The Stamp duty holiday has pushed prices up insanely here. There's no money to be saved at all. The rises in price have outreached any savings.

We need to move desperately - but are hoping the stamp duty holiday will stop in March so that prices can normalize.

IamthatIam · 23/12/2020 23:55

Stagnation? Really? Not extending stamp duty holiday to benefit the wealthy will be the cause of stagnation? Assuming there’ll be stagnation?

IamthatIam · 24/12/2020 00:01

@Didyousaysomethingdarling I talked about wealthier southerners and wealthy relative to those who need handouts from the government to meet day to day needs. If you can afford to buy at property at current prices you are not poor.
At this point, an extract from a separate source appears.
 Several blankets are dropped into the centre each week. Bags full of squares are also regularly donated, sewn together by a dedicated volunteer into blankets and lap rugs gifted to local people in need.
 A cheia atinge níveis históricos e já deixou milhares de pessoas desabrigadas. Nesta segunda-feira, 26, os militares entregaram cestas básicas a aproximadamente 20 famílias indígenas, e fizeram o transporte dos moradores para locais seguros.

As to the rich, it was someone else who mentioned those buying 2nd homes worth millions.

If the argument to extend the stamp duty relief is based on continuing to help wealthy southerners buy property in a frenzy that has only led to prices spiralling up then the stamp duty relief will most assuredly not be extended.
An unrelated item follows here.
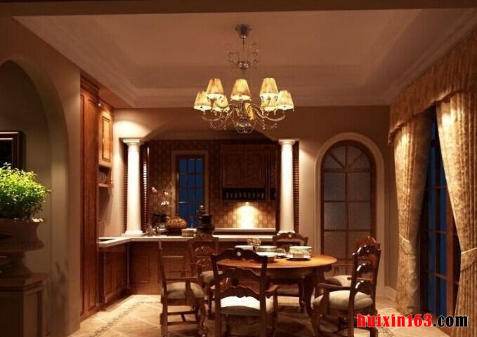 美式田园风格的装饰主要是倡导“回归自然”,与其说它是一种装修风格,倒不如说它是一种生活态度,我们每日都生活在喧嚣的城市中,如果回到家可以享受片刻宁静与清新,那便是我们理想中的生活。 本套餐厅装饰中色彩搭配比较淡雅,平顶式的石膏板也可以显得十分简洁,平顶式的设计也可以凸显出一种大气感,为空间装饰增添两地那,中间的吊灯造型十分别致,也是空间装饰的一大亮点。 更多»推荐家装效果图

Randomtasks · 24/12/2020 08:46

If you can afford to buy a property at current prices you are not poor

I wouldn't say we are poor by any stretch but we aren't wealthy either. We are the 'just managing' middle who never seem to get much help.

Like @Didyousaysomethingdarling says, the holiday has helped us to buy a very ordinary family home that was just out of our reach before.

The wealthy could probably afford it anyway but for people like us up to £15K savings is enormous!

OP posts:
Randomtasks · 24/12/2020 08:47

(Not in the south east)

OP posts:
Orf1abc · 24/12/2020 09:03

I trust you're also petitioning for the government to extend the Universal Credit uplift? That £20 a week is the difference between people living on the bare minimum or being destitute, quite possibly facing homelessness. Which should be a priority for the government?

IamthatIam · 24/12/2020 09:40

@Orf1abc exactly. We are not good at thinking about those less fortunate. What is fair in our eyes is that money is diverted from people who are truly on need to help already well off people pay less stamp duty. Often these people are not FTB. They already own a home. FTB already benefit from zero stamp duty.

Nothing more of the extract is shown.